The benefits go on and on. 

And don't forget -  producing a healthier chicken results in healthier meat and eggs for you.






- Sue




8 comments:

  1. Excellent! I am looking forward to the next 2 parts!

    ReplyDelete
    Replies
    1. Thanks! They should be up soon...keep an eye out!

      Delete
  2. I always enjoy your knowledge about fermentation. I know the benefits, I just simply can't say it half as well as you do. Excellent post as always Sue!

    Vicki (delisha)

    ReplyDelete
    Replies
    1. Thanks much for the comment :) Part 3 is coming soon!

      Delete
  3. Very informative, I've been Fermenting with raw vinegar but I will definitely look into this.

    ReplyDelete
    Replies
    1. Be sure to read through all 3 parts - it explains a little more about vinegar and what it does and doesn't do. :)

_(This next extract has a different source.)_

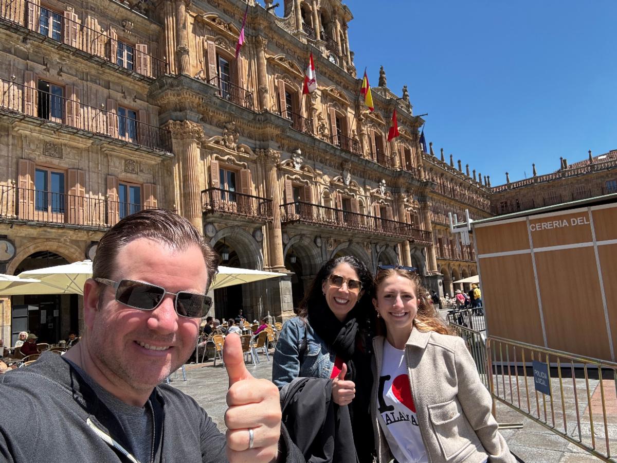 Our first stop was Salamanca. The University of Salamanca was founded in 1218. That’s not a typo. It’s older than the Aztec Empire. Walking its stone corridors and towering buildings reminded me how recent American history really is. In the U.S., “historic” usually means built in 1850. In Salamanca, that’s considered new construction! While enjoying the sights and culture there, I also managed to grab a selfie with the family at city hall.

      You really don't need to use a starter at all. The vinegar really doesn't act as a "starter" as it's an acid. But putting some in there won't hurt it. Just doesn't have the "starter effect" ...

      Delete
  4. So your saying that the ACV with the mother in tact is no good to start fermenting your feed?

    ReplyDelete
    Replies
    1. It wouldn't be helpful as a STARTER as the process is different. Take a look at the the rest of the articles and the notes above. But it won't hurt your feed if you want to put some in. Just don't use too much.

      The key word here is "starter". You wouldn't use it to "jump start" Lactic Acid Bacterial proliferation. The vinegar is acetic acid and the bacteria in the mother is Acetobacter aceti which digests ALCOHOL to make acetic acid- vinegar.

      But you could use some in the feed if you wanted to. Just not too much as the higher acid (lower pH) will begin to kill off the good (and bad) bacteria if there is too much. You probably wouldn't have that problem unless you were adding excessive amounts so I wouldn't worry!